Удары сыпались со всех сторон. Разъярённые её молчанием мужики били всё яростней. Не выдержав истязаний, она еле слышно выдохнула:
- Да.
В одно мгновенье она оказалась в своей келье. В последний раз мелькнули звёзды над её головой и наступила ночь. Тяжёлые жернова закрыли ее в сторожке навсегда.
Избитая, измученная Улька лежала на дне ямы, свернувшись калачиком. Вымазанный кровью узелок с платьем и вышитым полотенцем грел маминым теплом. Улька вспоминала её песенку:
Птица весёлая больше уже не поёт,
Больше не греется солнышко в пёрышках пёстрых,
Хищная птица, удачливей стал твой полёт,
Больше добычи трепещет в когтях твоих острых.
Савандей шёл по полю.
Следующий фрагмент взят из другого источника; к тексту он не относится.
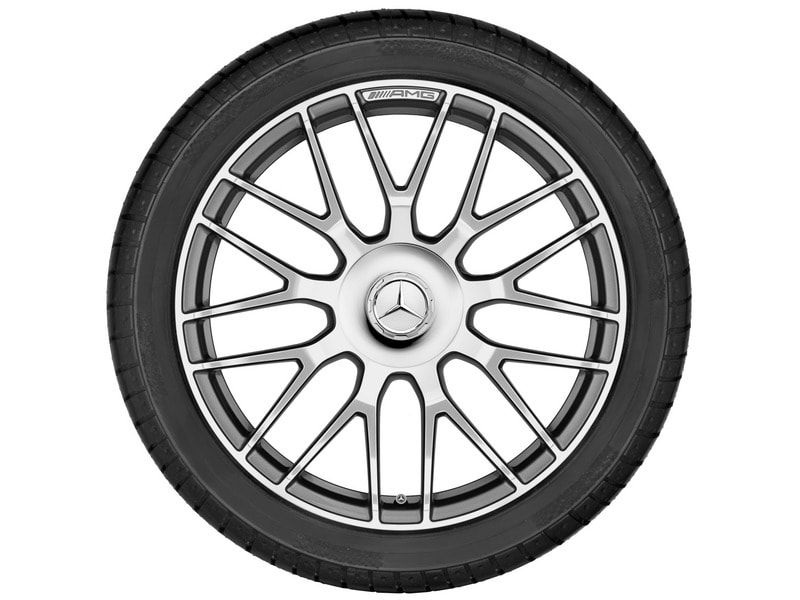 Колесный диск AMG. Параметры диска: 10 J x 19 ET 47 (19 дюймов). Цвет: Серый титан. Материал: Алюминий. Рекомендуемая резина: 285/30 R19. Мост: задний мост.

Шёл к реке. Он знал, что скоро дойдёт. Там кто-то есть. Кто-то ждёт, зовёт, шепчет, просит. Теперь он слышал этот шёпот всегда.
- Саван, саван, саван, принеси,
Белый-белый-белый свет гаси,
Савандей, спаси меня, спаси...
Жернова на мельницу снеси...
Я устала, больше нету сил,
Савандей, спаси меня, спаси....
Спаси меня, спаси...
Спаси меня, спаси...
Он резко проснулся. По крыше шелестел дождь. Это его шепот он слышал во сне.
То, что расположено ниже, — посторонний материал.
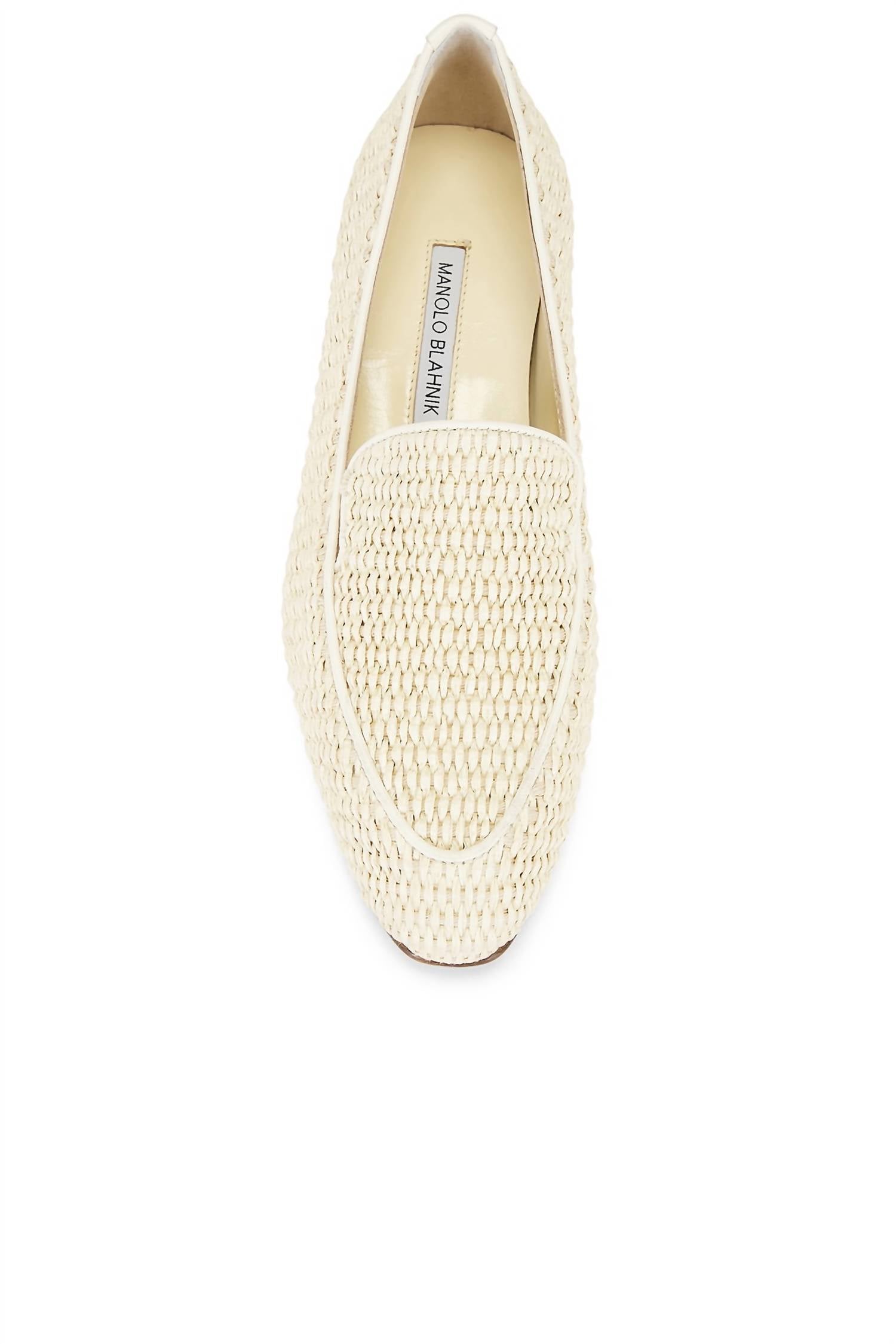 A classic loafer that is both comfortable and polished. Elevate your summer wardrobe with the Women's Pitakara Loafer by Manolo Blahnik, a luxurious blend of style and comfort. These slip-on loafers feature a raffia upper with nappa trim and a calf leather sole, complemented by a kid leather lining for ultimate softness. Designed with a chic almond toe and a flat stacked heel approximately 10mm/0.5 inches high, these shoes are perfect for a vacation vibe. Made in Italy, this stylish pair is presented in a Light Khaki and Light Cream color palette.

Хотя говорят, что она ещё жива и кричит, просит о помощи, плачет, хочет пить. Дождик идёт. Просочится ли он в ее келью? Если просочится, то наберется ли лужица, чтоб она попить смогла? Лявук охрану поставил. Самых равнодушных выбрал. Они не пустят к сторожке никого. Никого. Она одна.
Спасибо Вам!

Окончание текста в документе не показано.